_WORK ITEM_
Only an exact repeat of the listing, without its images, counts as the answer.

_COLLECTED MATERIAL_
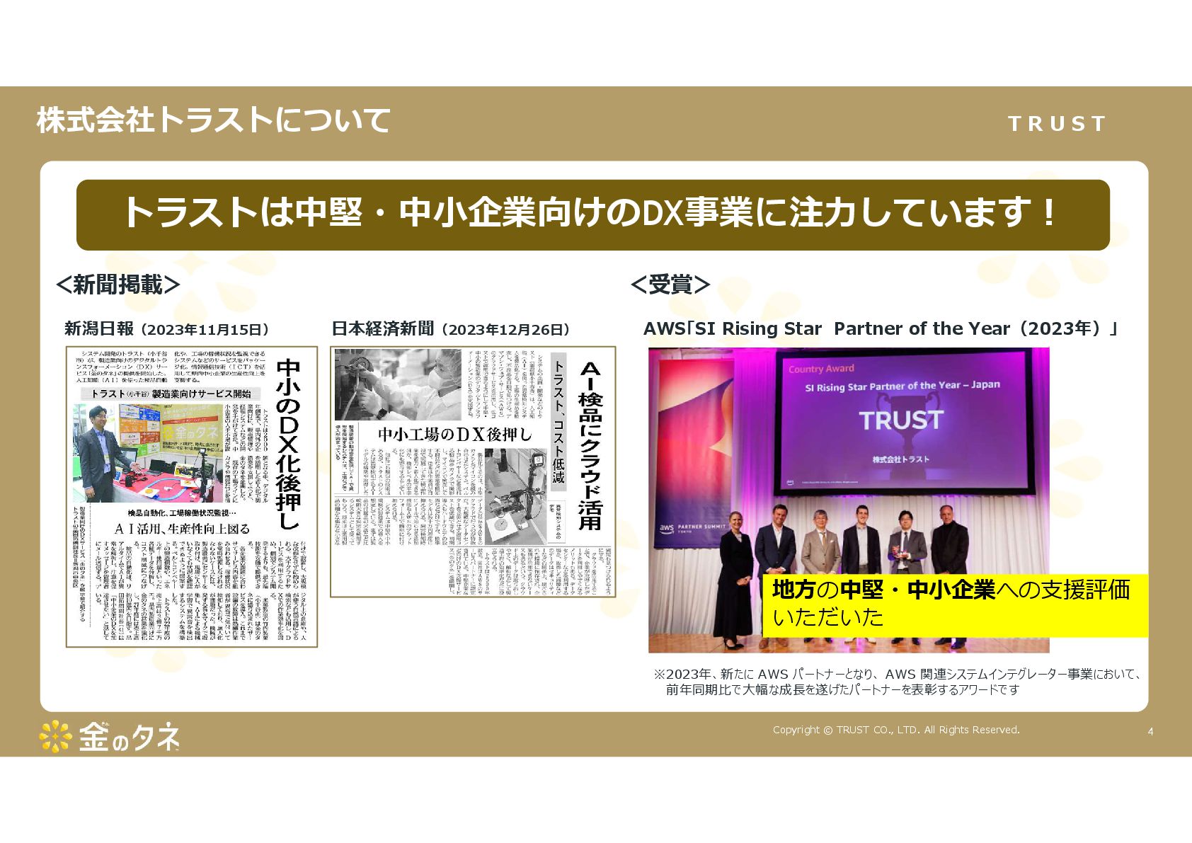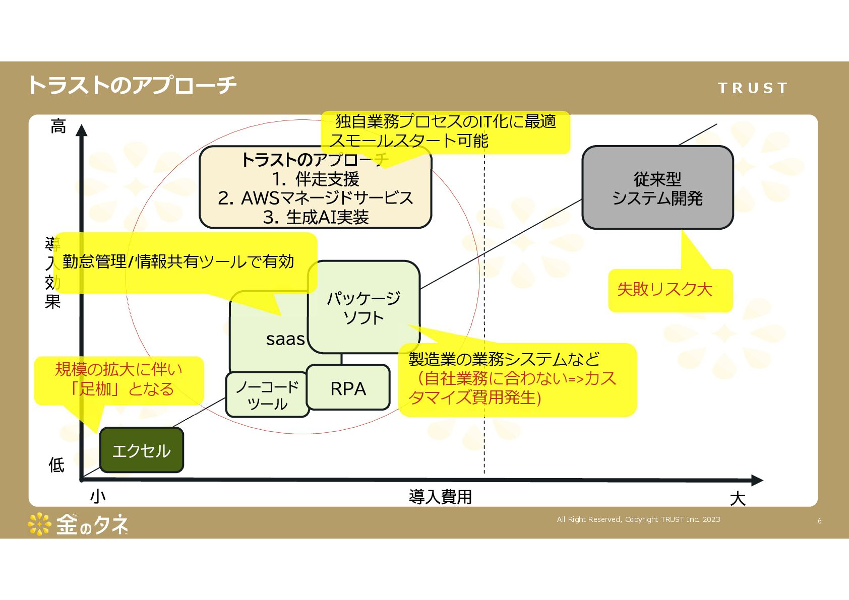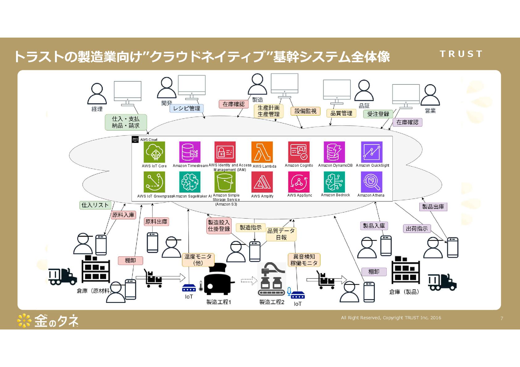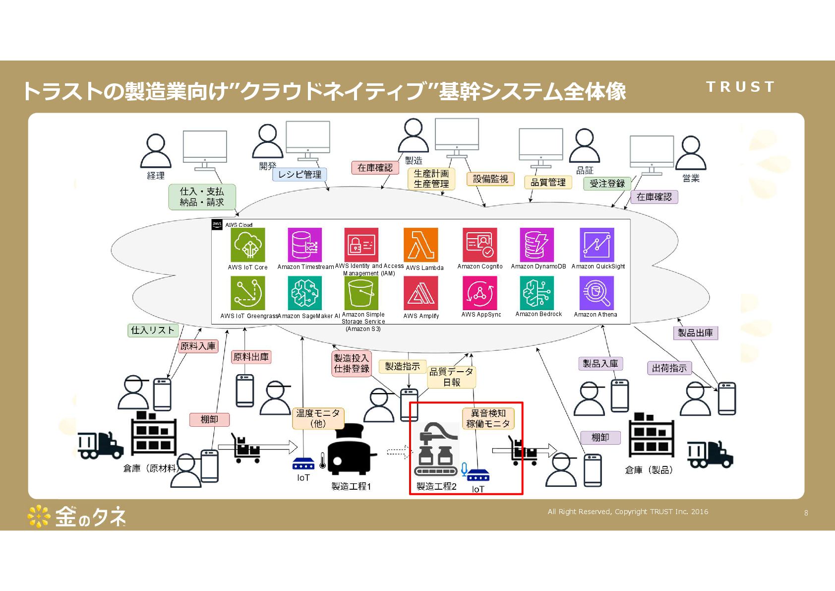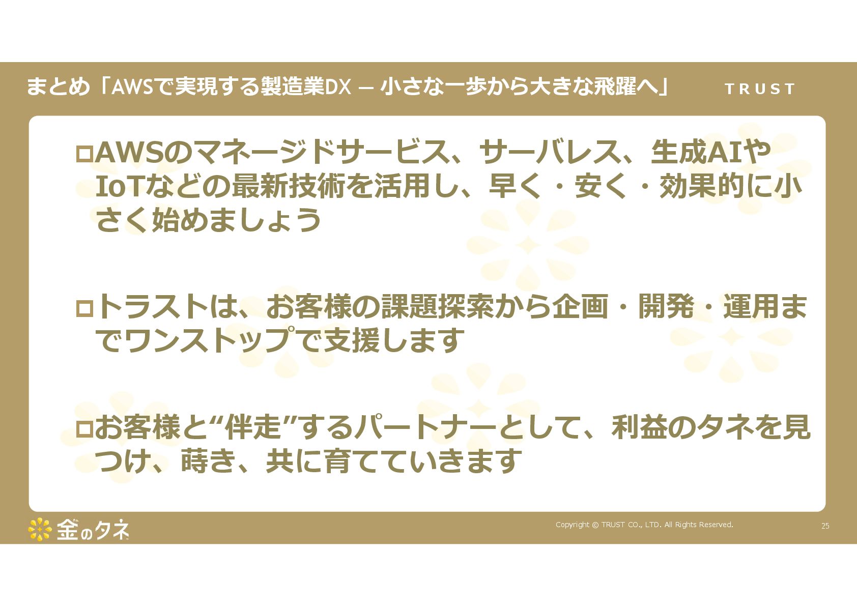 TRUST CO., LTD. All Rights Reserved. 14 教師あり学習 •正常データと異常データで学習をする •「正確で大量のデータ」ではっきりと「正解」「不正解」が 分かる場合 •例:AWS SummitのJR東海様 •「開閉器動作音による異常検知」(電気設備の異状検知) •電気の入・切をするスイッチである開閉器の電流が流れ るときの動作音を学習 •【メリット】 1. 特定の音に対する推論の精度が高い •【デメリット】 1. 故障を模擬して作った異常データを用意する必要がある 2. 学習したデータの種類に対してしか判定できない •様々な故障モードに対応できない •例:チェーンコンベアのチェーンが空回りする音、きしむ音 など 教師なし学習 •正常データのみで学習をする •「正常とは異なるデータ(外れ値)」を異常と判定するモデルを 構築 •【メリット】 1. 故障を模擬して異常データを作成する必要がない 2. 様々な故障モードに対応可能(正常ではない音を異常 と判定するため) •例:チェーンコンベアのチェーンが空回りする音、 きしむ音など •【デメリット】 1. 推論精度を上げるのに一苦労 • (明確な「正解」「不正解」データがないため) →竹内製菓様で蓄積したノウハウで解決! 機械学習モデルのAutoencoderを活用する Autoencoderによる「教師なし学習」によって実現 機械学習モデルの構築方法は大きく分けて2つあります
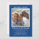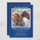 Festa de adoção, ou notem, por receber um novo filho à família - ou usar para o nascimento de um novo bebê. Cartões azuis escuros com texto branco e um modelo de foto quadrada no topo, emoldurados em branco. O nome do cheio da criança está acima da foto, com o texto "Bem-vindo à família" abaixo. Todas as informações sobre a parte/adoção podem ser adicionadas no parágrafo abaixo. O inverso é uma cor azul mais escura e sólida. Este design funciona para qualquer criança de idade.
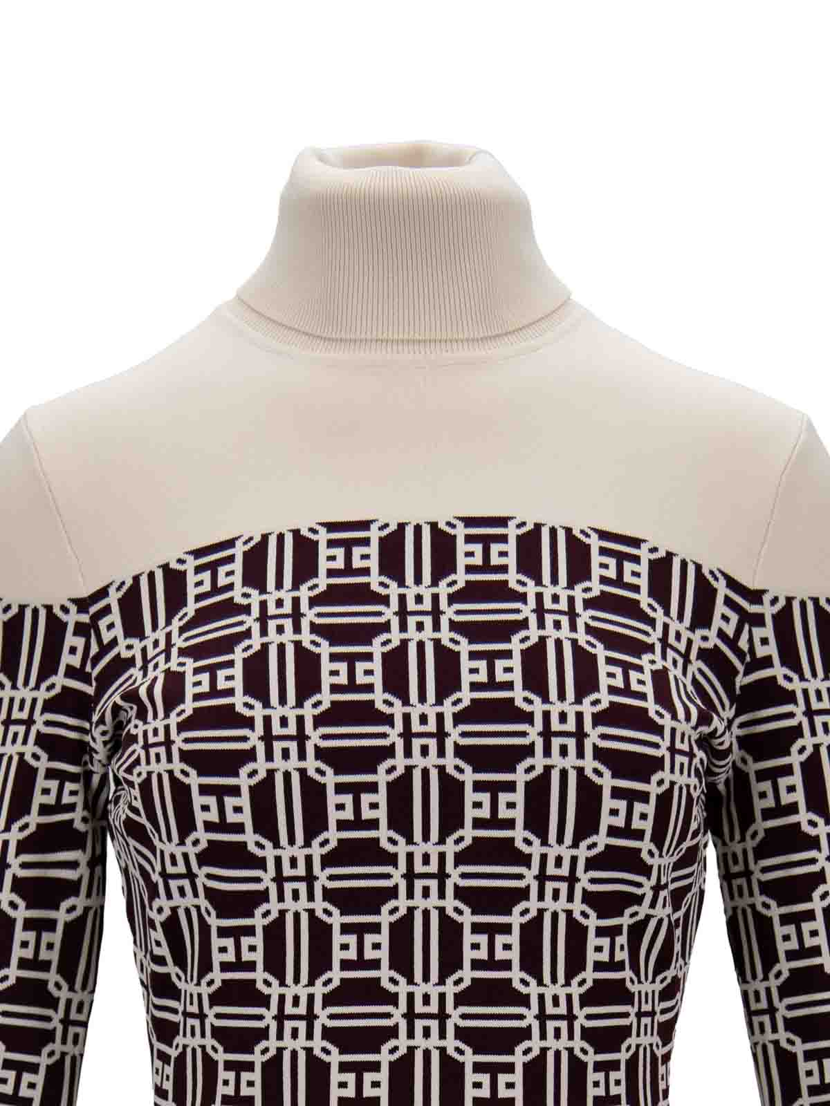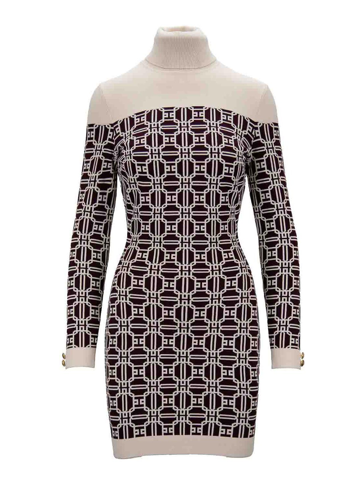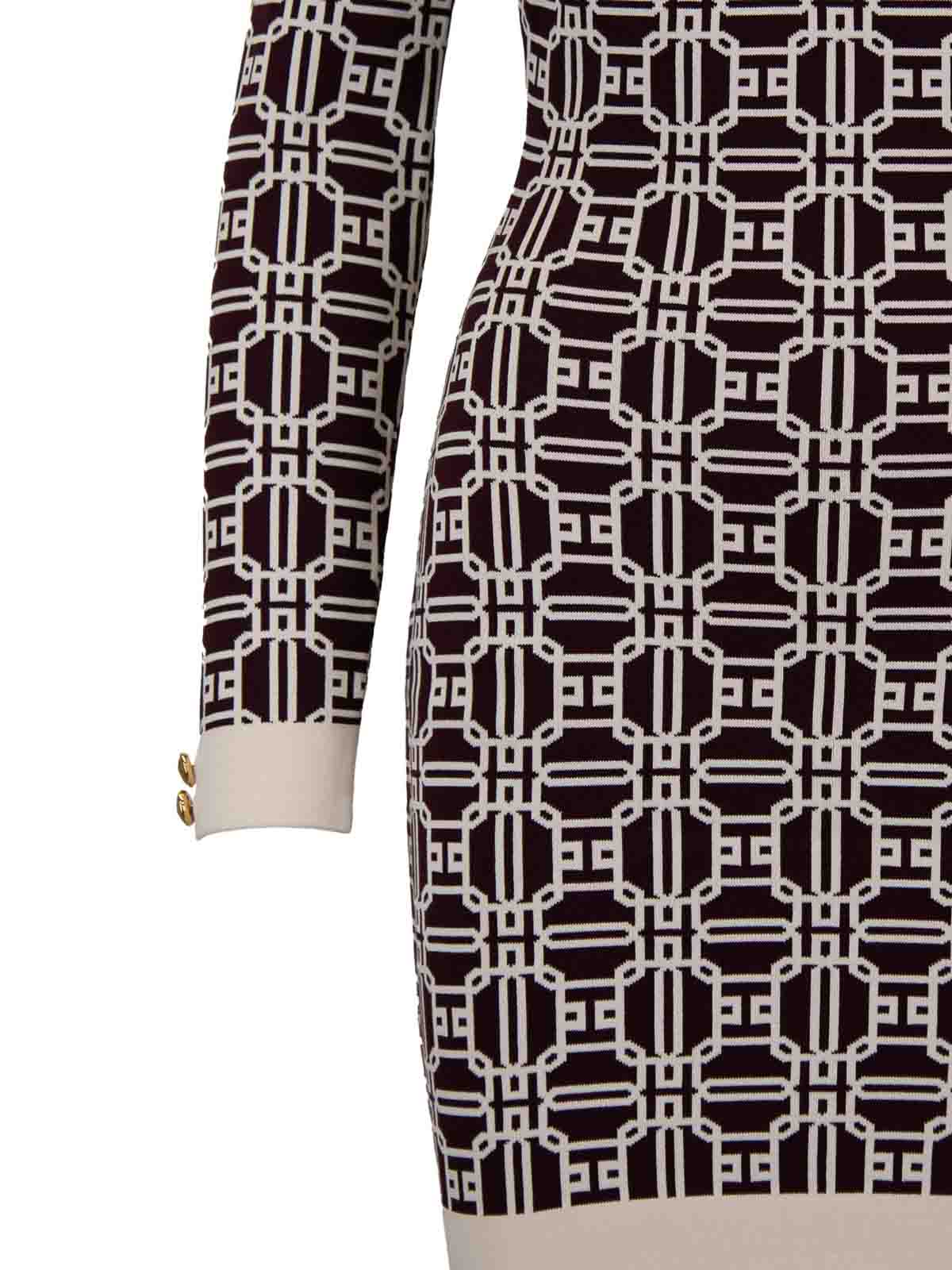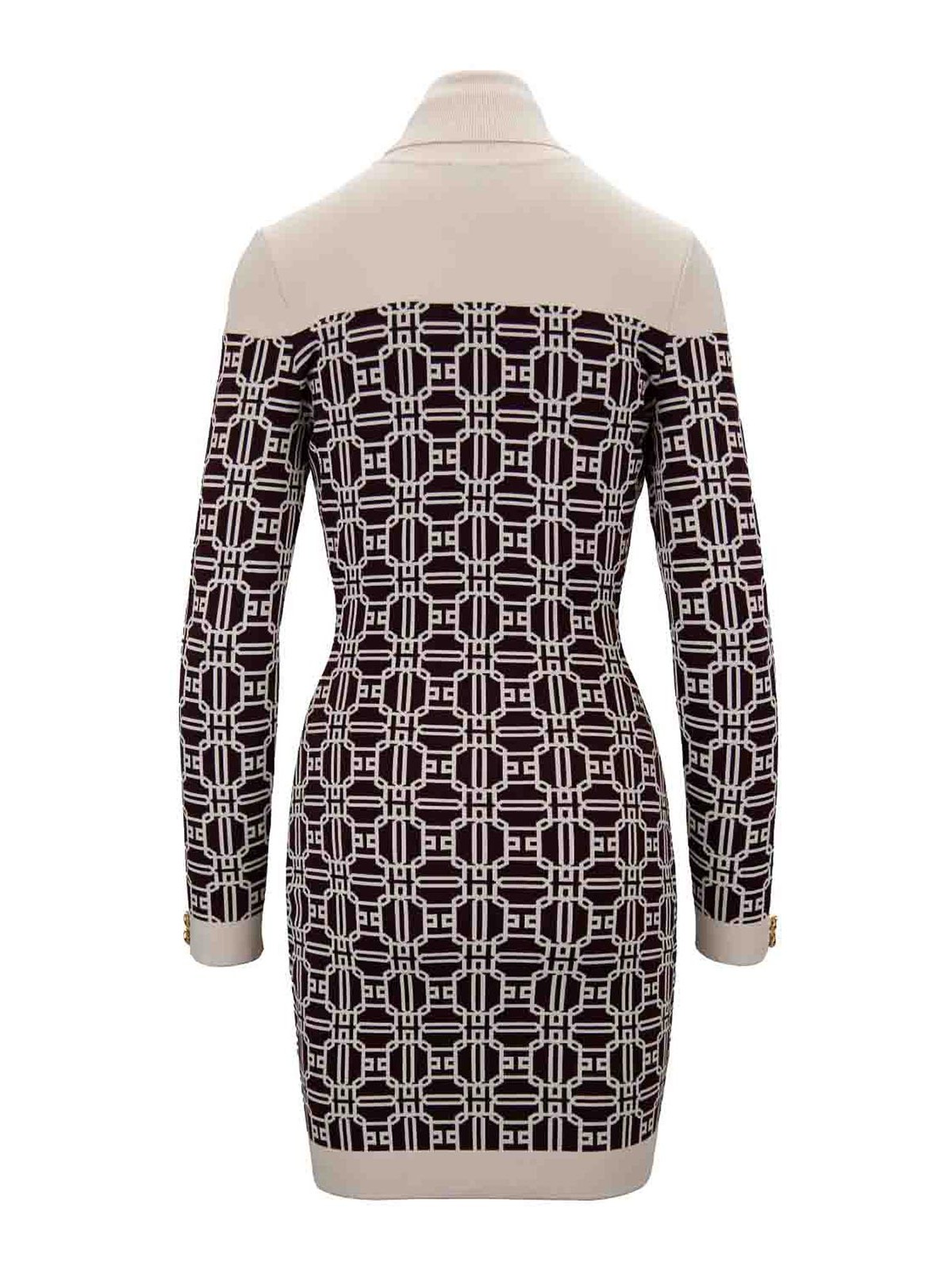 エリザベッタ・フランキの女性用ドレス。メインファブリックは 65% がビスコース、35% がポリアミド製です。ハイカラーとロングスリーブのショートニットドレス。後者は中央に高さと高さのボタンが付いています。外面はブランドロゴのモチーフが特徴で、コントラストカラーで作られています。隠しファスナーで横に閉じます。

_RESULT BELOW_
 TRUST CO., LTD. All Rights Reserved. 14 教師あり学習 •正常データと異常データで学習をする •「正確で大量のデータ」ではっきりと「正解」「不正解」が 分かる場合 •例:AWS SummitのJR東海様 •「開閉器動作音による異常検知」(電気設備の異状検知) •電気の入・切をするスイッチである開閉器の電流が流れ るときの動作音を学習 •【メリット】 1. 特定の音に対する推論の精度が高い •【デメリット】 1. 故障を模擬して作った異常データを用意する必要がある 2. 学習したデータの種類に対してしか判定できない •様々な故障モードに対応できない •例:チェーンコンベアのチェーンが空回りする音、きしむ音 など 教師なし学習 •正常データのみで学習をする •「正常とは異なるデータ(外れ値)」を異常と判定するモデルを 構築 •【メリット】 1. 故障を模擬して異常データを作成する必要がない 2. 様々な故障モードに対応可能(正常ではない音を異常 と判定するため) •例:チェーンコンベアのチェーンが空回りする音、 きしむ音など •【デメリット】 1. 推論精度を上げるのに一苦労 • (明確な「正解」「不正解」データがないため) →竹内製菓様で蓄積したノウハウで解決! 機械学習モデルのAutoencoderを活用する Autoencoderによる「教師なし学習」によって実現 機械学習モデルの構築方法は大きく分けて2つあります
 Festa de adoção, ou notem, por receber um novo filho à família - ou usar para o nascimento de um novo bebê. Cartões azuis escuros com texto branco e um modelo de foto quadrada no topo, emoldurados em branco. O nome do cheio da criança está acima da foto, com o texto "Bem-vindo à família" abaixo. Todas as informações sobre a parte/adoção podem ser adicionadas no parágrafo abaixo. O inverso é uma cor azul mais escura e sólida. Este design funciona para qualquer criança de idade.
 エリザベッタ・フランキの女性用ドレス。メインファブリックは 65% がビスコース、35% がポリアミド製です。ハイカラーとロングスリーブのショートニットドレス。後者は中央に高さと高さのボタンが付いています。外面はブランドロゴのモチーフが特徴で、コントラストカラーで作られています。隠しファスナーで横に閉じます。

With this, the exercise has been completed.